Toolpath generation for a deformation based flexible manufacturing processes like incremental forming is very challenging because the sheet stock material moves as the toolpath progresses. CNC machining toolpaths work fairly well for single point incremental forming (FIG. 1a) because the features always lie below the blank/workpiece, but these toolpaths are inadequate for double sided incremental forming (“DSIF”) (FIG. 1b). DSIF uses two tools, one on either side of the blank, which makes it possible to form concave and convex features by switching which tool acts as the forming tool or the supporting tool.
In general, CNC toolpaths are not appropriate for DSIF is because embedded features have to be formed in the correct sequence to make sure the tools do not puncture the sheet stock workpiece. Existing CNC machining based tool can only generate toolpaths in one direction.
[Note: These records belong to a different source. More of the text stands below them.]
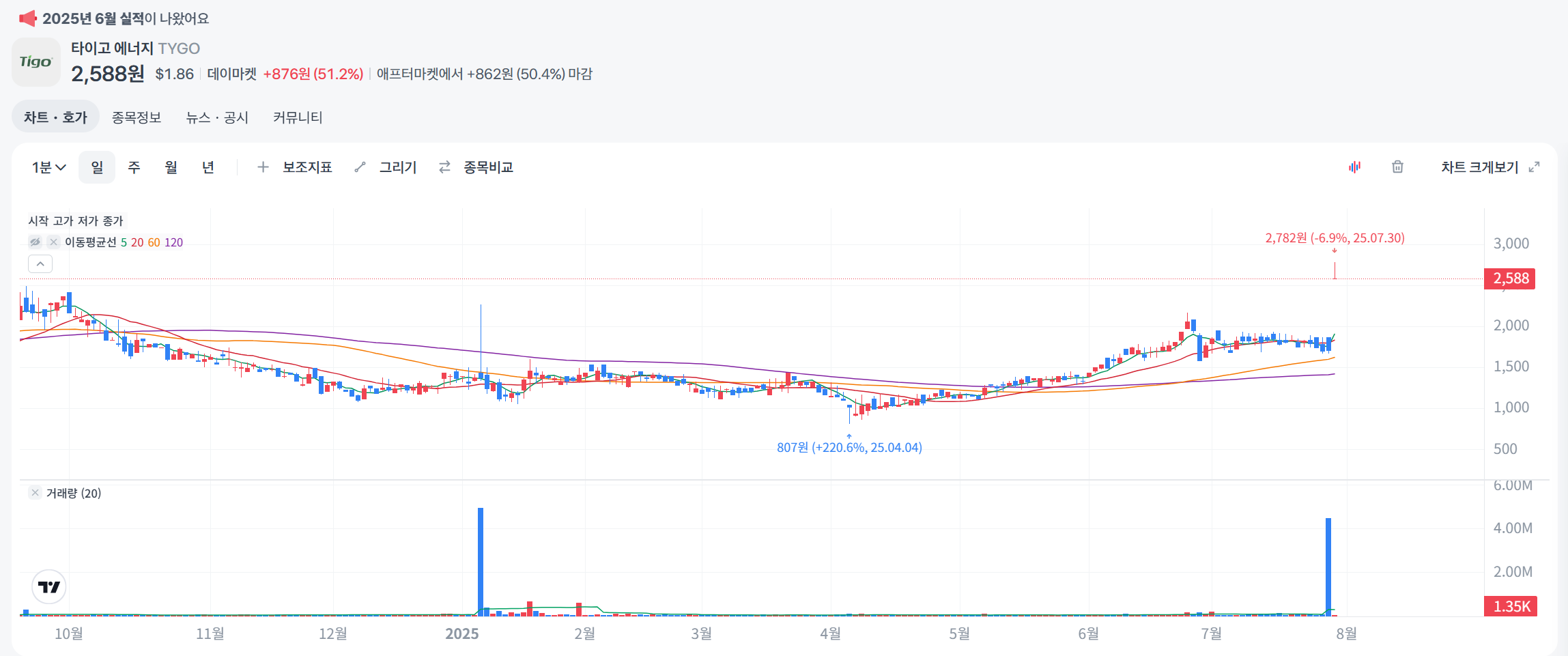 2025년 7월 기준, 타이고 에너지(TYGO)의 주가는 약 $1.50~$2.00 수준으로, 변동성이 큰 소형주로 분류됩니다. 2023년 상장 이후 주가는 초기 공모가($11) 대비 하락세를 보였으나, 최근 태양광 시장의 성장과 함께 회복 가능성을 보이고 있습니다.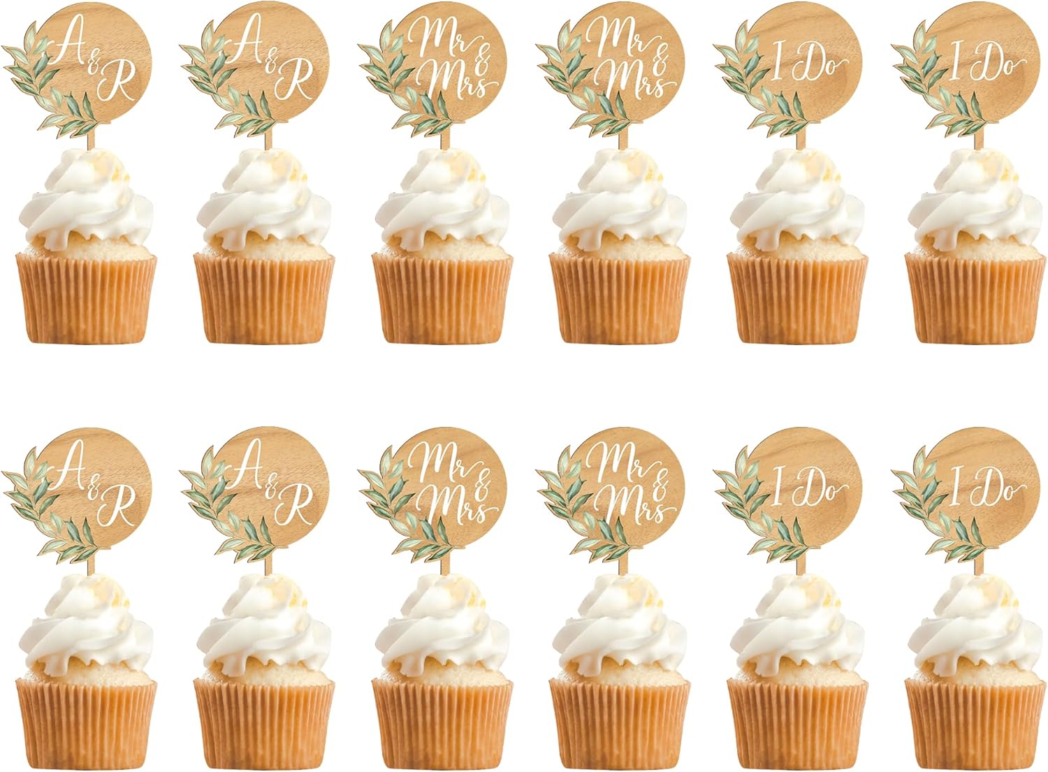 Custom Wedding Cupcake Toppers Personalized Cake Cupcake Decorations in Wood (36 PCS)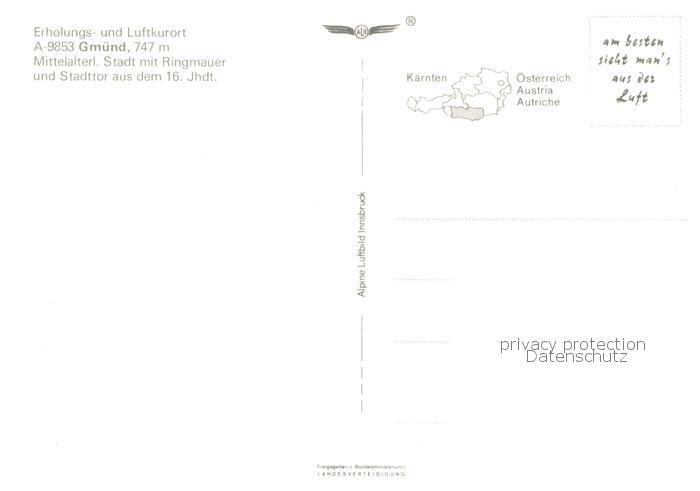 73789137 Gmuend Kaernten Mittelalterl Stadt mit Ringmauer und Stadttor Fliegeraufnahme postalisch nicht gelaufen Erhaltung siehe scans [WerneD78] KatCode: 11390212020608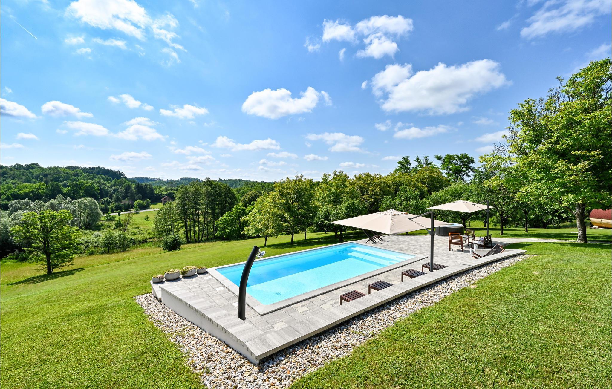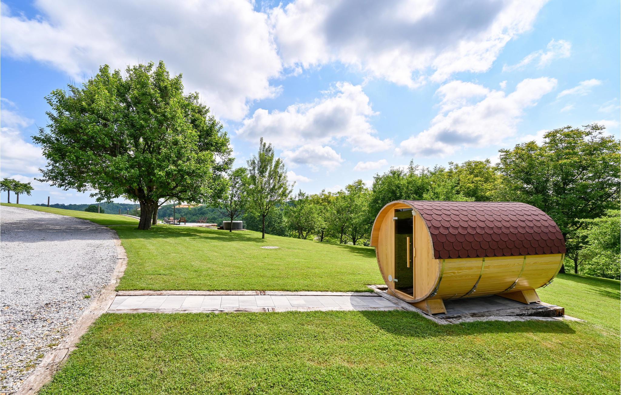 Hold en rigtig dejlig ferie i skønne landlige omgivelser i dette skønne feriehus der ligger på en lille bakke, for hvis fødder der risler en lille bæk. Foran huset er der en overdækket terrasse hvor der står en grill, stegespid og et sommerkøkken så feriemaden kan tilberedes udendørs med udsigt til børnene der leger i haven hvor der er en lille legeplads. Der er hyggelige skrå vægge med en loftshøjde på 100 cm i siden. De sidste 160 m af vejen op til huset er ikke asfalteret. Besøg det berømte udflugtsmål Kljucic Brdo, hvor der er forskellige former for fritidsaktiviteter.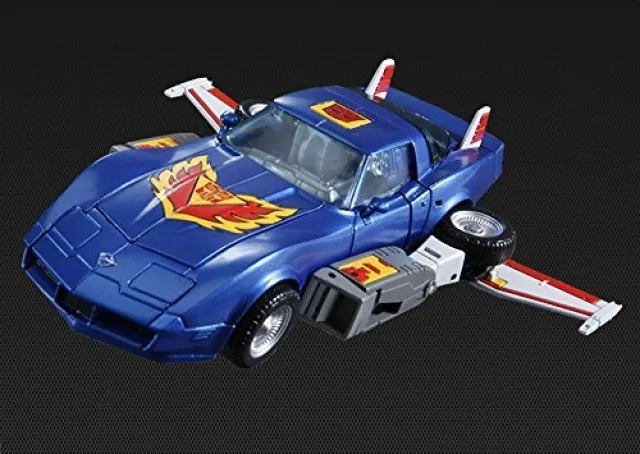 Transformers Masterpiece MP-25 Tracks is an officially-licensed Chevrolet Corvette C3 from 1980-82 and includes both Raoul and a mini non-transforming blaster accessory. Additionally he includes a flight stand that allows collectors to display Tracks for the first time ever his alternate flight mode. Additionally his rockets can attach below his flight mode for his alternate fan version of his flight mode.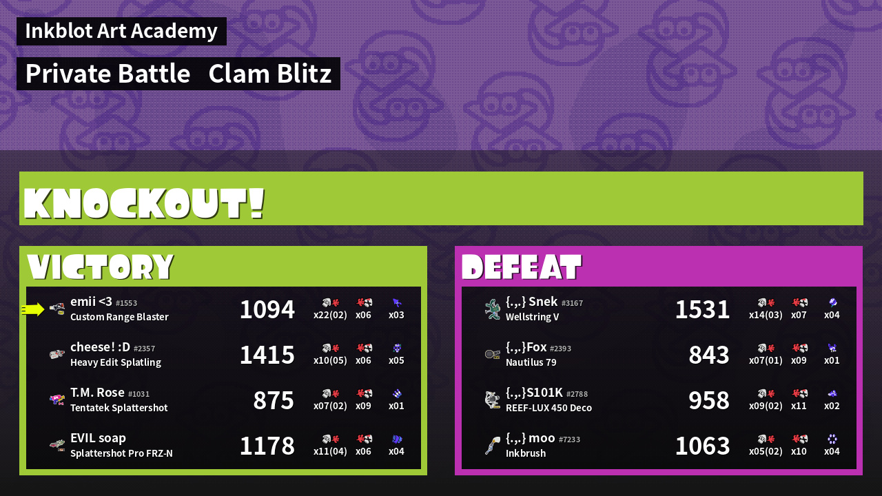 | Mode | Clam Blitz - Private Battle | ||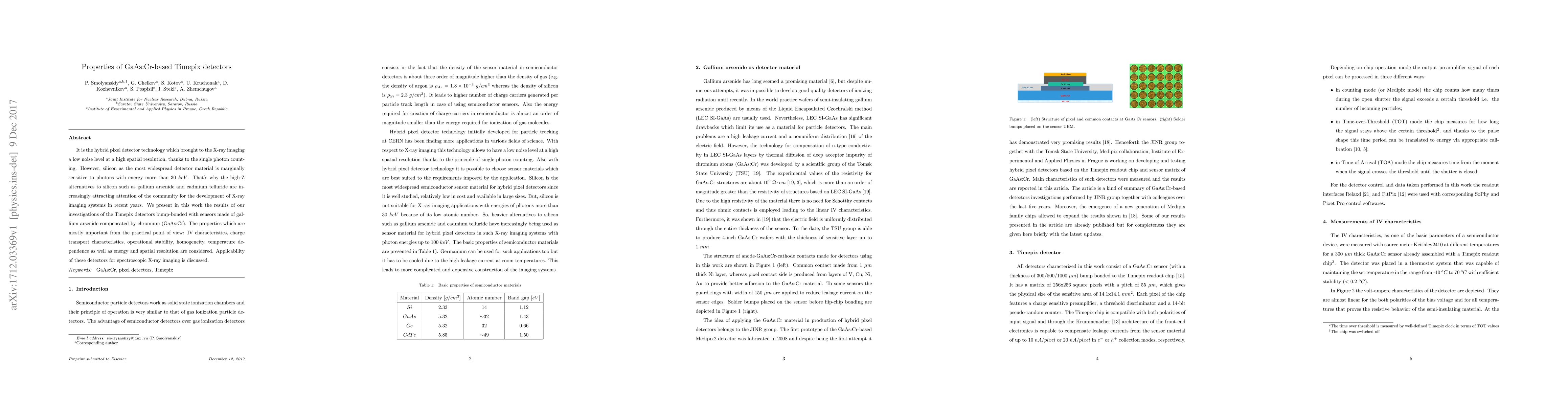 This paper investigates the properties of GaAs:Cr-based Timepix detectors, focusing on their IV characteristics, charge transport, operational stability, and resolution. The study highlights their potential for high-energy X-ray imaging, offering a low-noise, high-resolution alternative to silicon-based detectors.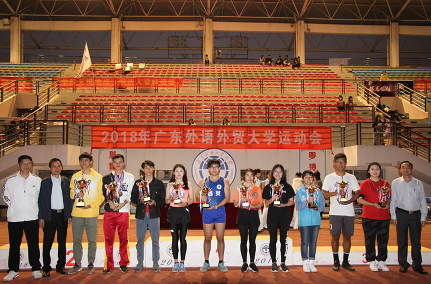 比赛总裁判长黄德沂宣布了比赛结果,商学院夺得学生团体总分第一名,第二和第三名分别是经济贸易学院和金融学院。体育部副主任丘乐威宣布,本次校运会体育道德风尚奖由经贸学院、商英学员、商学院等学院揽得,信息、商英、会计等学院的6名同学获评“健康之星”。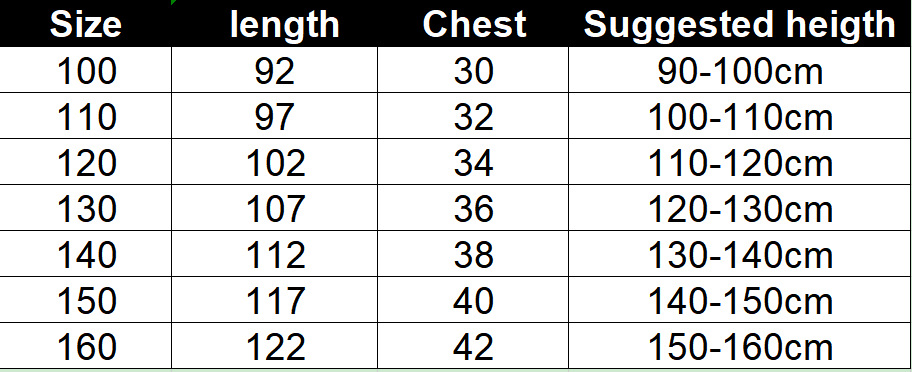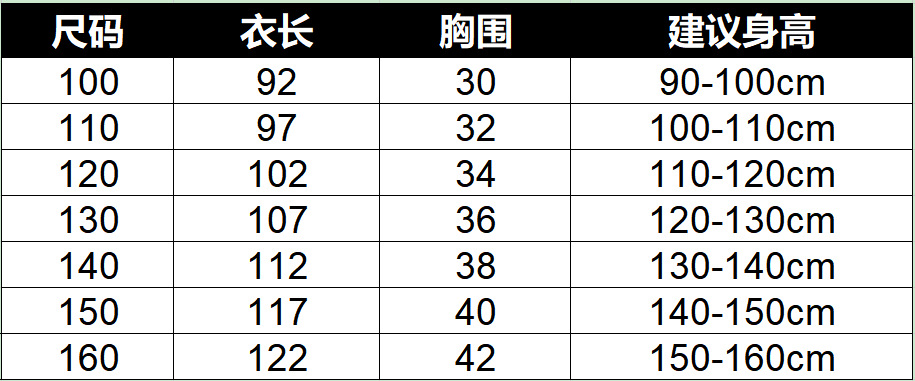 7个码:100 110 120 130 140 150 160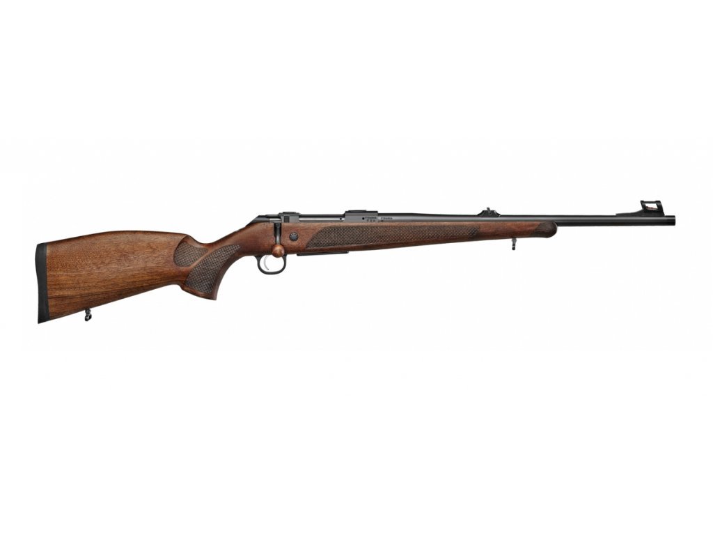Najnovšia podoba klasickej loveckej guľovnice CZ. Pažba s tradičným európskym dizajnom je vyrábaná z výberového orecha a opatrená ľavostrannou lícnicou s ozdobným nosom z tmavo hnedého laminovaného dreva. Zdrsnenie úchopových plôch zaručuje komfortné a spoľahlivé ovládanie. Z orecha je tiež gulička kľučky záveru. Toto prevedenie je k dispozícii v piatich najobľúbenejších loveckých kalibroch od 223 Rem. po 300 WM. Za studena kovaná hlaveň je za studena kovaná a na ústí ma závit s krytkou. Nesie mechanické mieridlá s priehľadovým cieľnikom a muškou zvýraznenou svetlovodnými vláknami. Oceľové lôžko je prispôsobené na montáž optiky pomocou prípojného rozhrania typu Remington 700.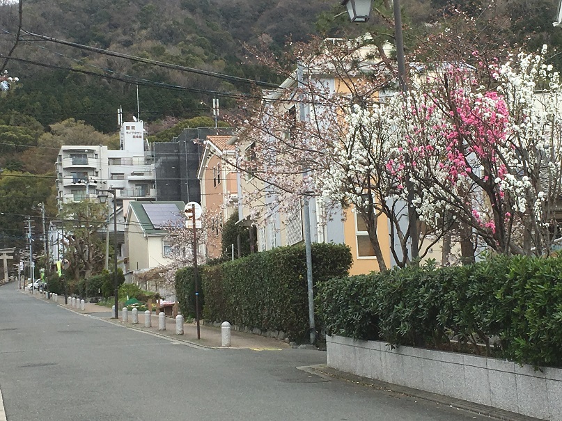 この後四条畷神社まであと1キロぐらい、平地なら歩いて行きましょうということになりました。神社の参道は紅白の桃や桜の木できれいでした。でも、登り坂その後、どーんと階段が目の前にあります。「えーっ」という声のせいかどうか、ここ神社の階段下で「解散」ということになりました。ところが、お参りを済ませて周りを見ると全員揃っています。皆さん(私もそうですが)せっかくだからと思われたのでしょうね。

In order to use the existing CNC machining module for making features on both sides of the sheet, one has to generate machining paths from two different directions, and manually sort out the forming sequence and stitch those toolpaths together.
Further, in existing technologies, the toolpath is generated from CAM software, and the following steps are performed manually by the operator of the tools: separating the toolpath contour by contour, grouping the contours into features, picking the feature forming order, reversing the toolpath for concave features, and synchronizing the tools to go from feature to feature.
The method described herein uses geometrically constructed maps to create a hierarchical structure in the form of a rooted tree to group features, which makes it possible to form features on either side of the sheet. This method sorts all the features and automatically provides a synchronized path for the supporting tool to follow the forming tool to form all the features on the part in the correct order and direction. The method permits fine control of the individual features and their process parameters, arbitrary changes to the forming order and direction of the features within the feasibility of a forming operation, and translation of each individual feature to the plane to enhance the geometric accuracy of the process.
In this method, the features in a particular geometry or object are represented as a hierarchical data structure. The hierarchical data structure of choice is a rooted tree, since it allows fine control over individual features which are represented as nodes in the tree. Tree traversal algorithms can then be used to generate toolpaths for the individual features, which allow the forming order and direction of the features to be changed accordingly.
A map is used to hold information about the relationship between features during the slicing stage of toolpath generation, because maps provide logarithmic complexity for key insertions and lookups.
The maps are then be used to build the rooted trees once all the information about the relationships between the features has been stored.
This approach is unique in its use of fundamental data structures to develop a new way of representing features in DSIF and similar processes which gives users incredible versatility and control over the toolpath generation process for complex geometries.